Spawning a web server in a subprocess of a worker

In a ray worker, I am spawning a subprocess (popen) and in that subprocess I am spawning a web server (0.0.0.0:{port}).

Later on, in the same ray worker, I try to POST to that server, however I get a connection refused error.

Outside of the ray cluster, while the worker / subprocess are running, I am able to POST to this web server. In the ray worker, I am also able to POST to external web servers, just not the one in the child process.

This is within a rllib PPO training session.

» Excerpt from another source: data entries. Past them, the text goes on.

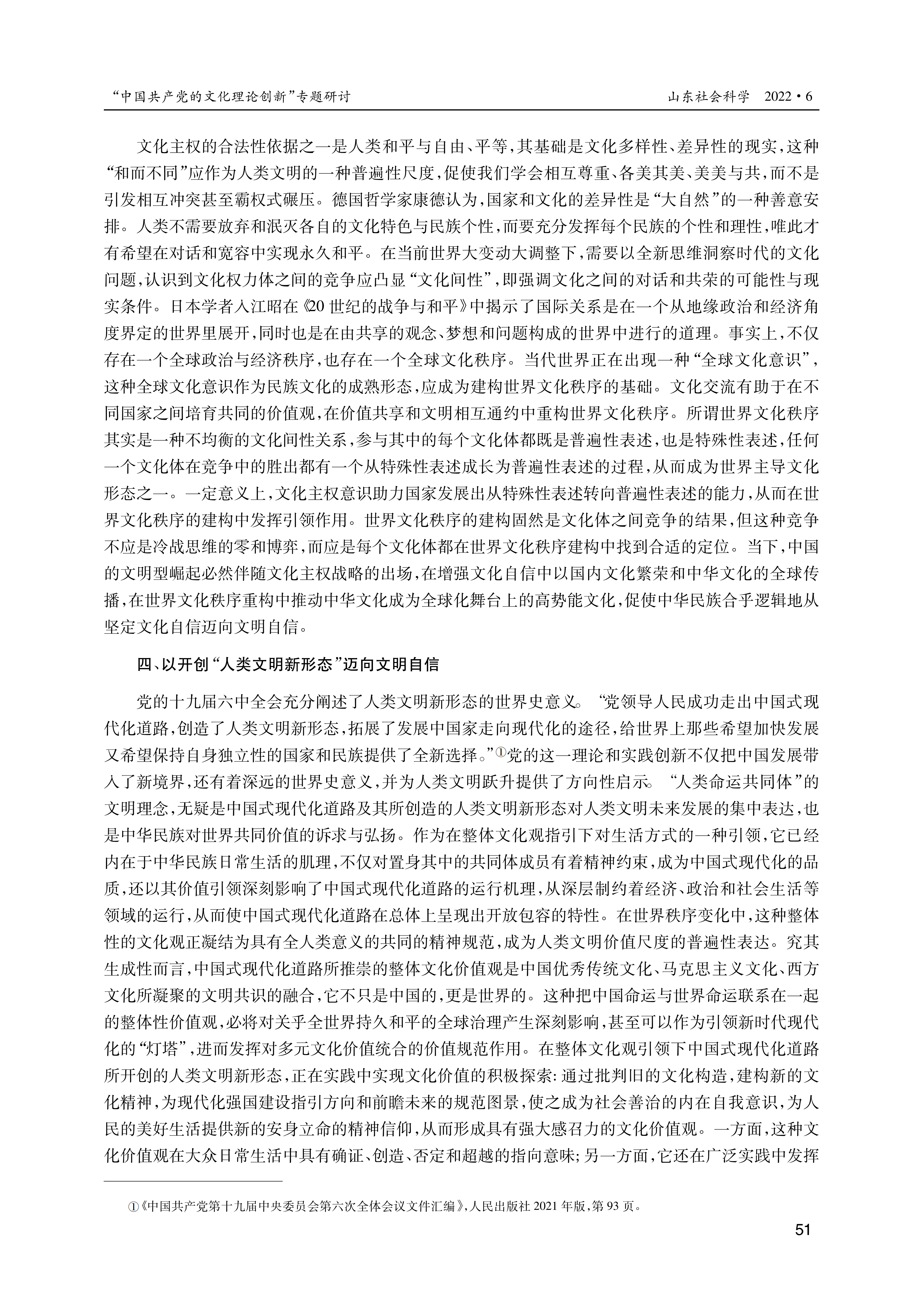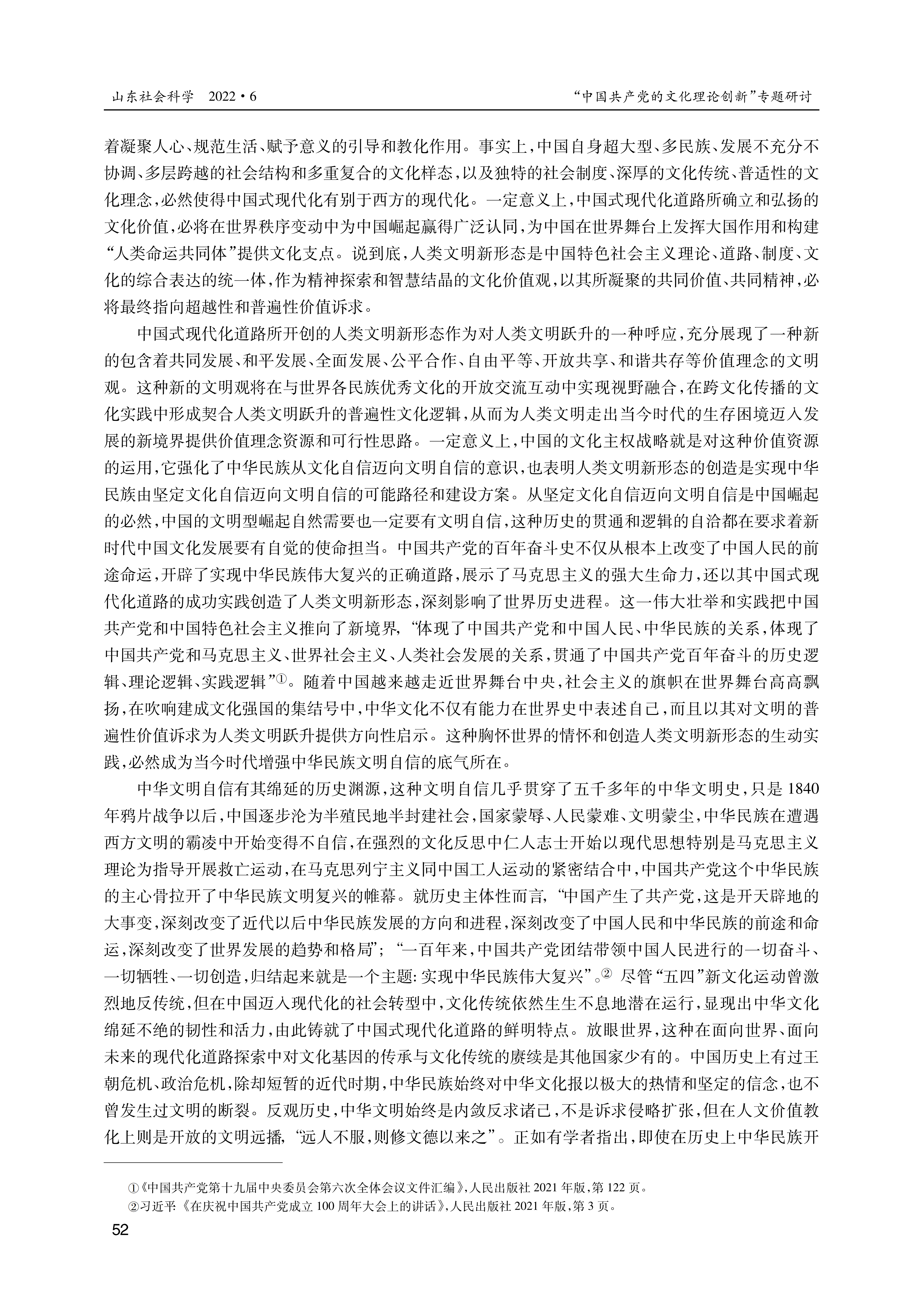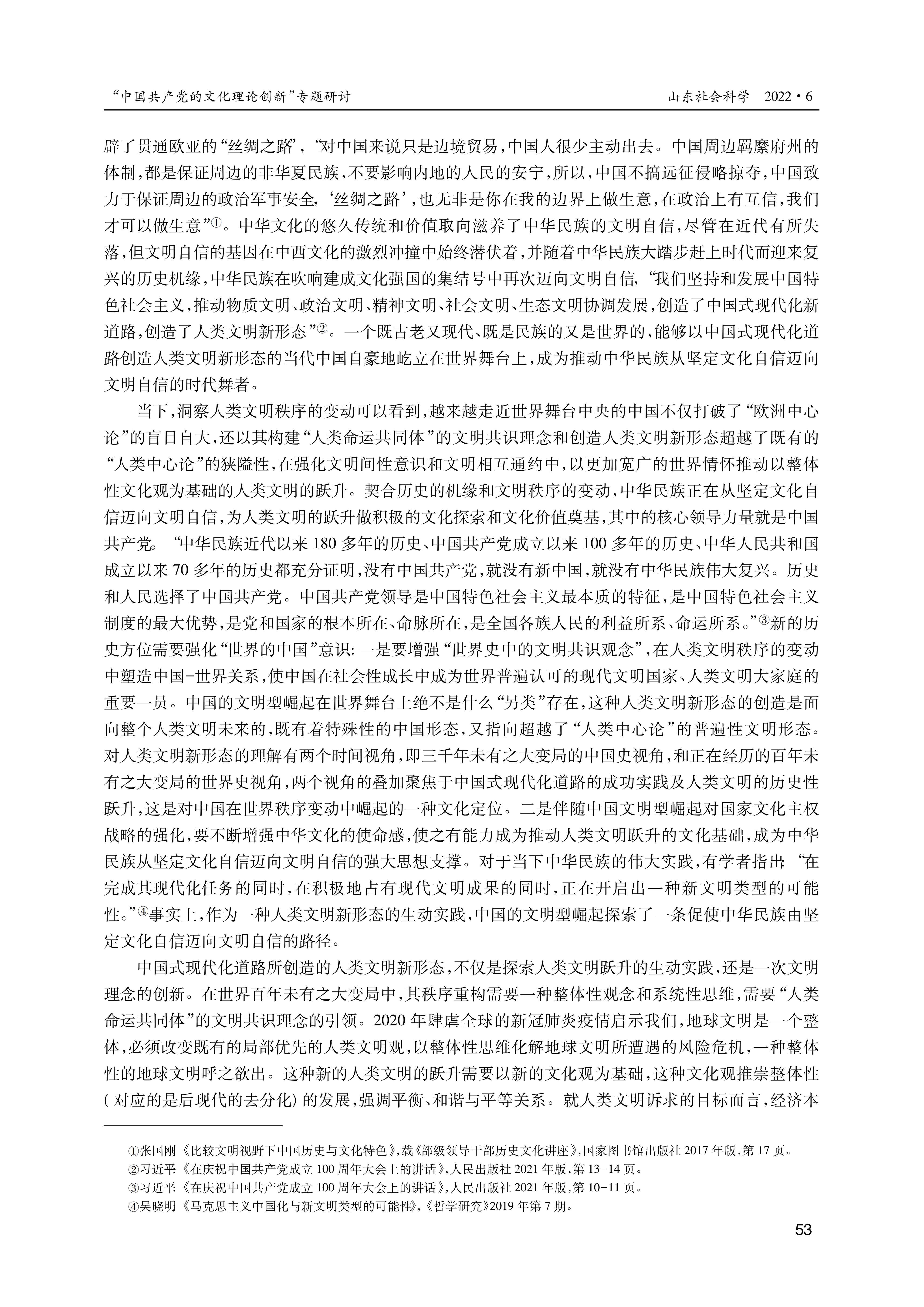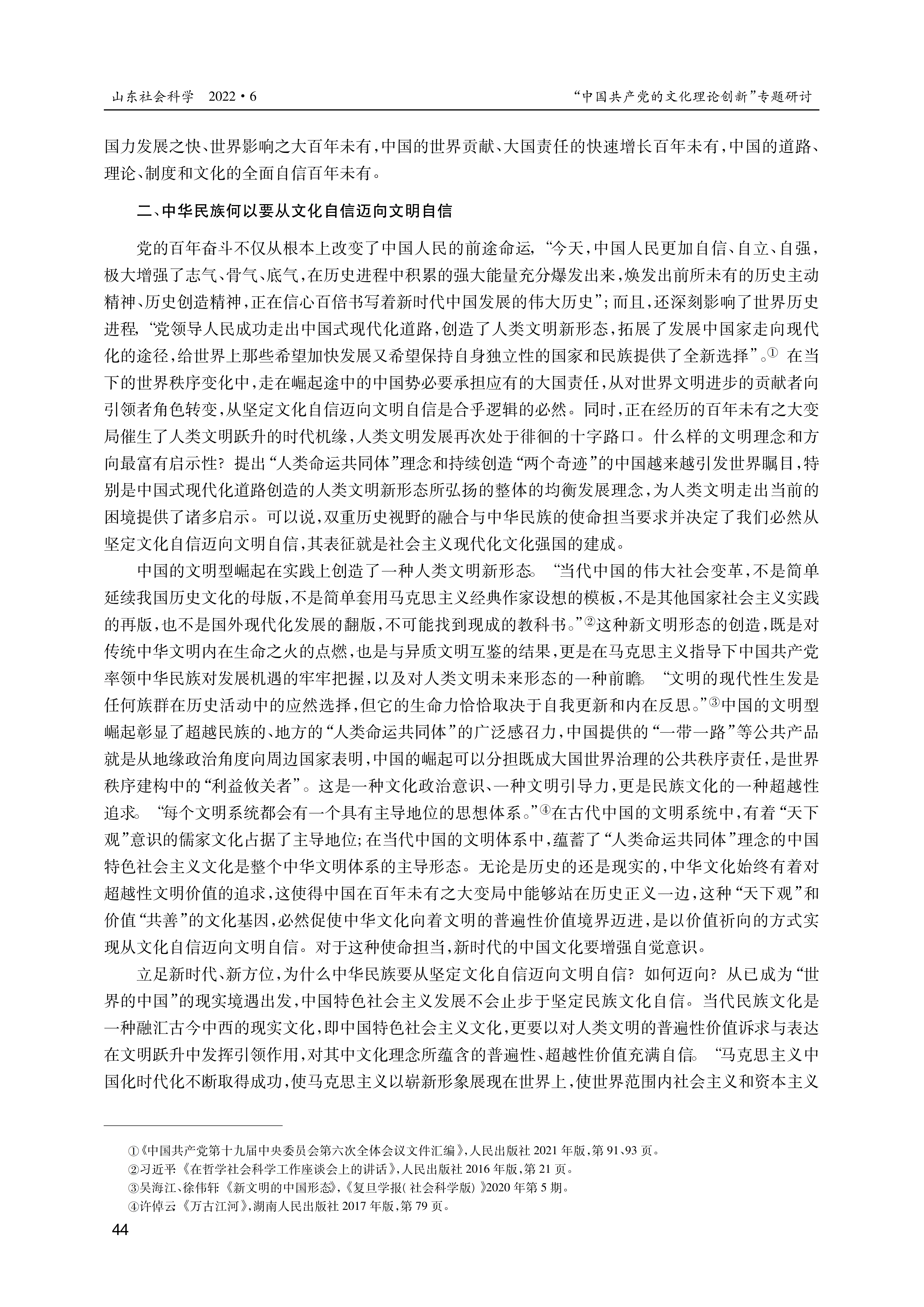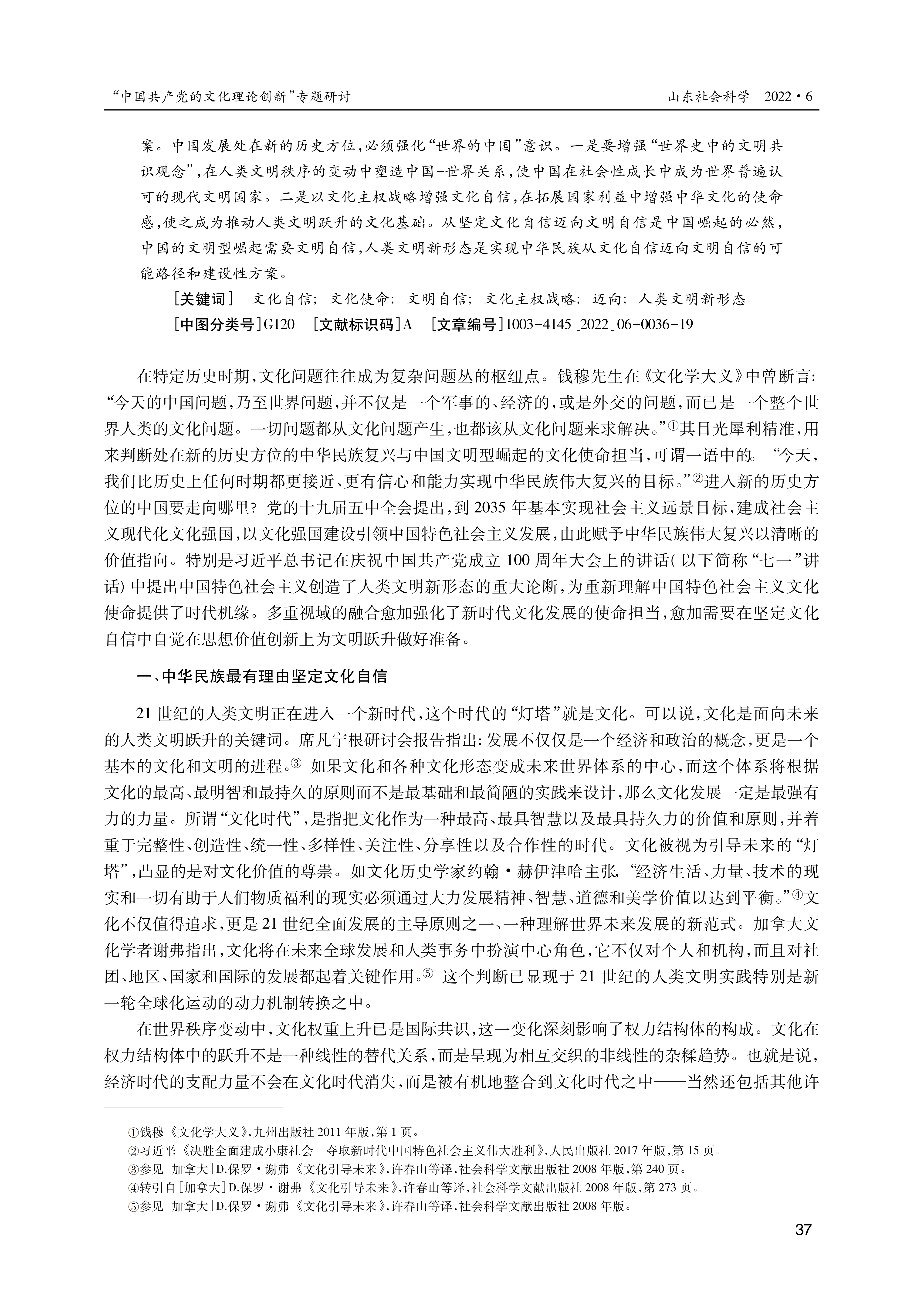 摘 要:习近平总书记在庆祝中国共产党成立 100 周年大会上的讲话中提出中国特色社会主义创造了人类文明新形态的重大论断,为重新理解中国特色社会主义文化使命提供了时代机缘。中国的崛起在最终意义上是文化的崛起,是中华文明的复兴,这对人类文明跃升具有重要的方向性启示。中国的崛起是有别于现代世界体系中某些西方既成大国“国强必霸”的文明型崛起,是发展理念和文明形态的一种创新,能够为世界进步提供中国智慧、为全球治理提供中国方案。中国发展处在新的历史方位,必须强化“世界的中国”意识。一是要增强“世界史中的文明共识观念”,在人类文明秩序的变动中塑造中国-世界关系,使中国在社会性成长中成为世界普遍认可的现代文明国家。二是以文化主权战略增强文化自信,在拓展国家利益中增强中华文化的使命感,使之成为推动人类文明跃升的文化基础。从坚定文化自信迈向文明自信是中国崛起的必然,中国的文明型崛起需要文明自信,人类文明新形态是实现中华民族从文化自信迈向文明自信的可能路径和建设性方案。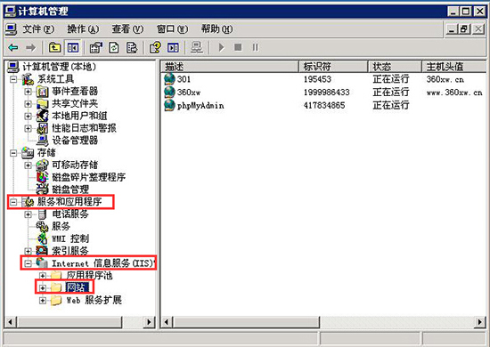 2、在管理窗口依次打開服務和應用程序”--“Internet信息服務(IIS)”--“網站”。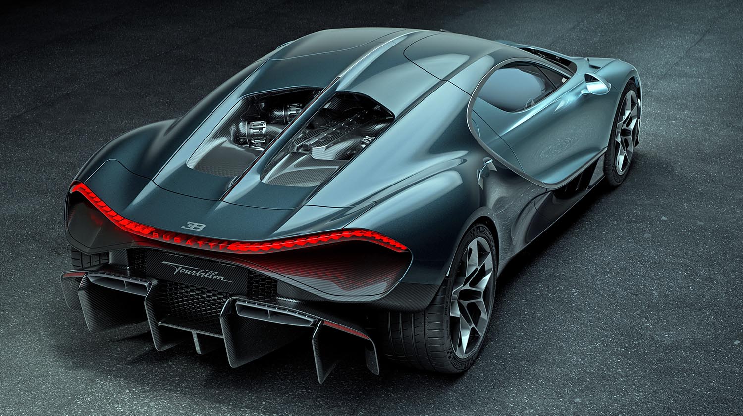 At the rear, the Tourbillon’s fender flows seamlessly into the deck. An active rear wing deploys only when it is needed for performance. Below the wing, the open engine bay showcases the towering plenum of the naturally aspirated V16. More than 124 individual LED elements form a single monobloc tail light. It traces the rear’s contour from edge to edge. The Bugatti script illuminates beautifully at its center.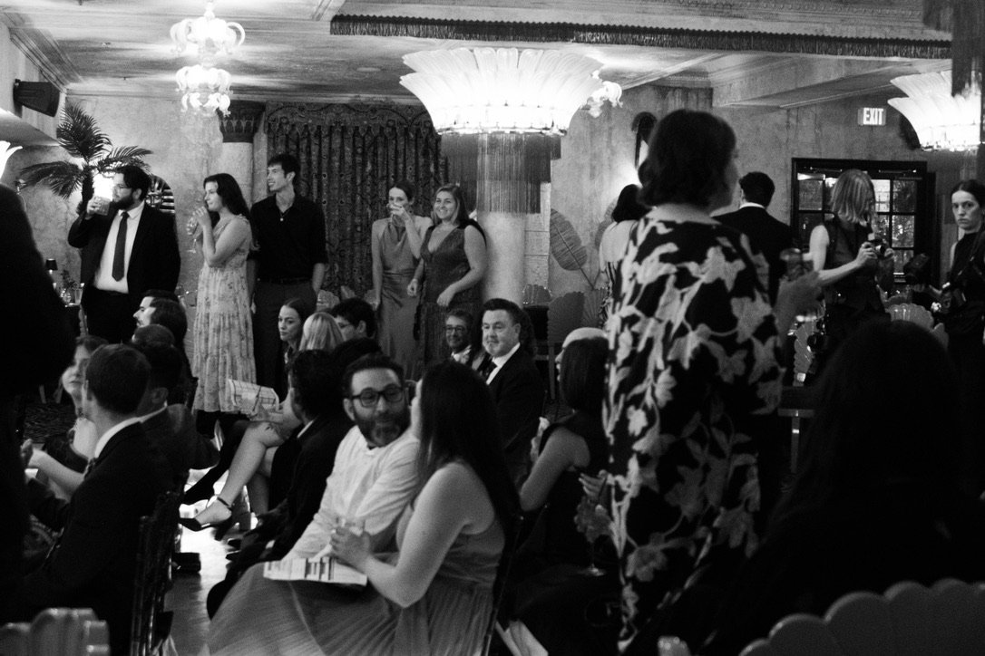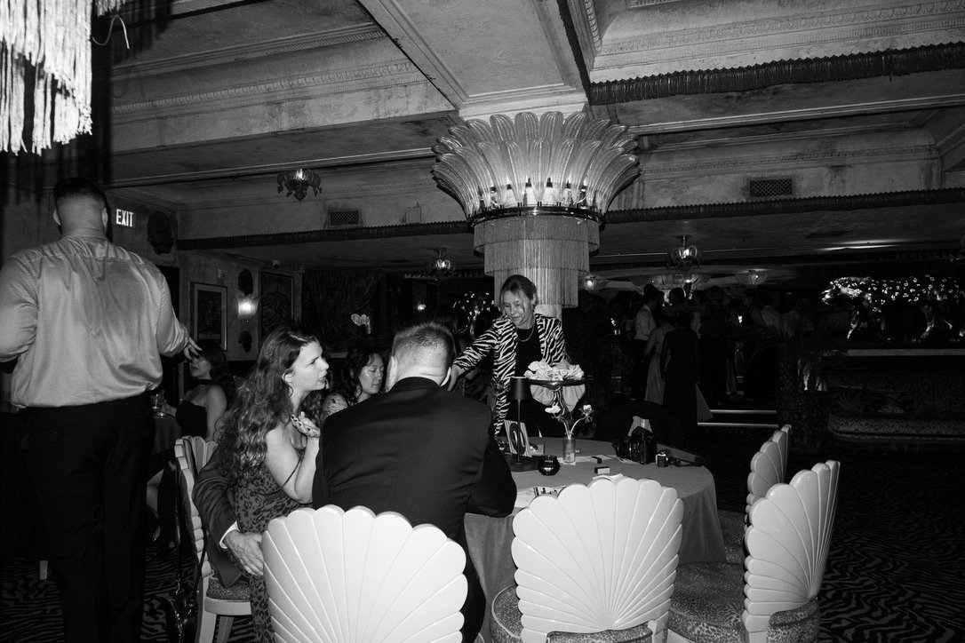 People at a formal event in a decorated room, some standing and some seated, with elegant lighting and decor.

Hi H-Park and welcome back to the Ray community :slight_smile:
There could be a few things happening here. First, are you sure the server that you spun up in the subprocess is ready before the Ray worker tries to send a post to it? Make sure the server is fully ready if possible.
Also instead of 0.0.0.0, does this code work if you use 127.0.0.1 or localhost? And nothing else is running on the port right?

Ray also has a RAY_kill_child_processes_on_worker_exit variable so make sure you’re not trying to POST to a subprocess that might be dead already (this variable turns on/off automatic killing of child processes). You can read about it here: Lifetimes of a User-Spawn Process — Ray 2.44.1

Some relevant docs that might help:

If you could send over the code so I can reproduce the bug that would be super helpful!

Thanks for your response!

are you sure the server that you spun up in the subprocess is ready before the Ray worker tries to send a post to it?

Yes. I verified this with a sleep after the subprocess.popen for the server and during that sleep I manually POSTed to it from a separate terminal thread.

I was not able to figure this out, unfortunately. But weirdly enough it works when converting the subprocess into a docker container that houses the server. What’s the difference you ask, when both are simple POST requests to a local URL? I have no idea. But the docker approach works beautifully and the subprocess approach is dead on arrival.

The code is pretty mingled into my company’s codebase, especially considering this is within rllib, so I am unable to share it. I wonder if it has something to do with ray rllib’s rolloutworker.

We use ray rllib 2.12 due to bugs I have since reported involving extra resource allocation. We have also come across occasional policy divergence deep into training (which therefore crashes the learner worker and brings down the whole train job).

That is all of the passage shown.